Contingency-management incentives, often used as part of a packaged intervention, were shown to make an independent contribution to a community-reinforcement approach delivered by highly trained therapists (Arch Gen Psychiatry. 2003;60:1043-1052). However, the reSET-O study is the first to demonstrate the effectiveness of a computerized community-reinforcement approach “in the absence of contingency-management incentives,” the study investigators report.
Abstinence was better in the intervention group than in the usual-care group, and the drop-out rate was lower.
Other digital therapies from Pear Therapeutics used in combination with pharmaceuticals have been shown to be effective for people with schizophrenia or PTSD.
Reimbursement for Digital Therapy
Digital therapy “is not a panacea,” Dr McCann cautioned. “It’s not the sort of thing that you just download and it will produce a result.” When used with a medical support, he said, the software shows good efficacy. “We have remarkably good retention data. There’s a certain degree of power that comes with a physician prescription,” Dr McCann explained. “We are working toward a reimbursement model.”
The idea of seeking FDA approval for the software as a treatment intervention is supported by Maxine Stitzer, PhD, professor of psychiatry and behavioral sciences at the Hopkins Bayview Medical Center in Baltimore, who was involved in the first reSET study.
“We could now prescribe this mobile therapy to our patients. I think that’s good,” she said.
“This is the modern age; why should we be dragging our feet?” she asked. The fact that all patients receive the same material is a bonus. “It’s the same for everyone, but patients can go over it at their own pace.” In fact, she said, a lot of the material is standard cognitive behavior therapy that would be delivered by a counselor, but in this case it is delivered online.
She pointed out that some groups of people had difficulty with the software, especially those with a lower level of education. The concept of reimbursement for digital therapy is good, she said, “but we do want to make sure that it is efficacious in the way it is being delivered.”
Others said they agree.
“For the right patient, I would be willing to try an app,” said session moderator Arshya Vahabzadeh, MD, chief medical officer for Brain Power. He said he applauds Pear Therapeutics for going through clinical trials to test their approach. “It’s a high bar, and it would suggest robustness. Not all companies are doing that; it’s too expensive for most digital companies.”

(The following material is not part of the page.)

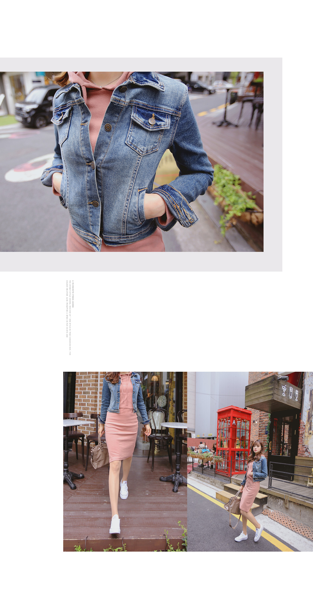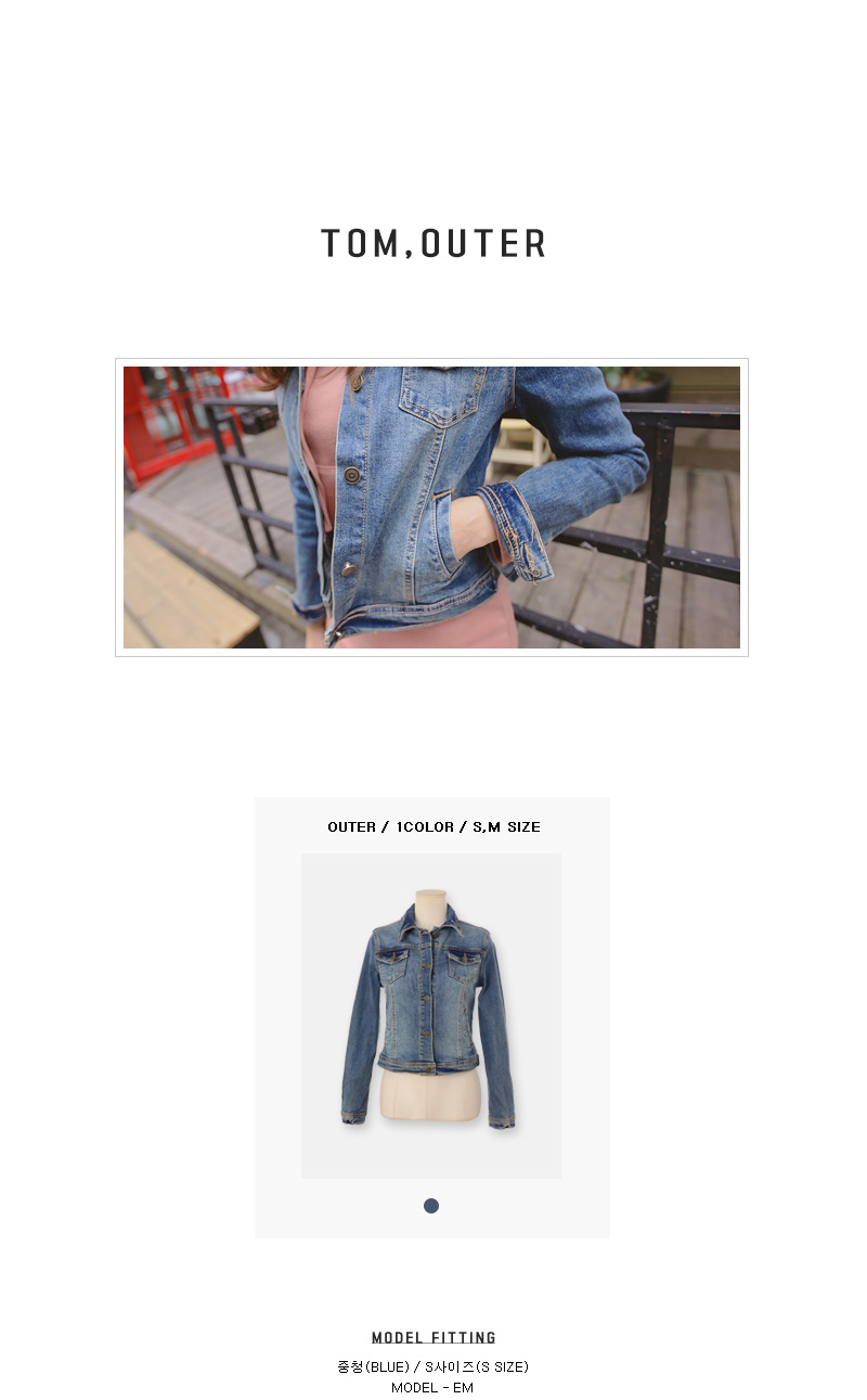 슬림한 라인의 데님 자켓을 소개합니다.매 시즌 인기 좋은 데님자켓으로깔끔하고 슬림한 라인으로 제작되어 입었을때 더욱 예쁘며 날씬하게 연출해준답니다.단추 디테일로 오픈, 클로징을 도와주며포켓 디테일이 더해져 밋밋함을 없애주었어요.베이직한 디자인으로 제작되어 유행을 타지 않아오랫동안 착용하기 좋으며다양한 코디에 매치하여 여러가지 분위기로 연출하기 좋아활용도가 높은 아이템이에요.컬러는 중청 1 가지로 구성되었으며 S, M 사이즈로 제작되었답니다.

“There is research showing that people with mental illness are willing and able to use devices,” Dr Vahabzadeh reported. “But I have to say that some psychiatrists, in particular those focusing on psychotherapy instead of medication management, may be reluctant to prescribe an app because of the effect the technology might have on the doctor–patient therapeutic relationship.”
“It could put a wedge between them,” he pointed out.
Dr McCann is chief executive officer of Pear Therapeutics. Dr Stitzer and Dr Vahabzadeh have disclosed no relevant financial relationships.
Consumer Technology Association 2017 Digital Health Summit. Presented January 6, 2017.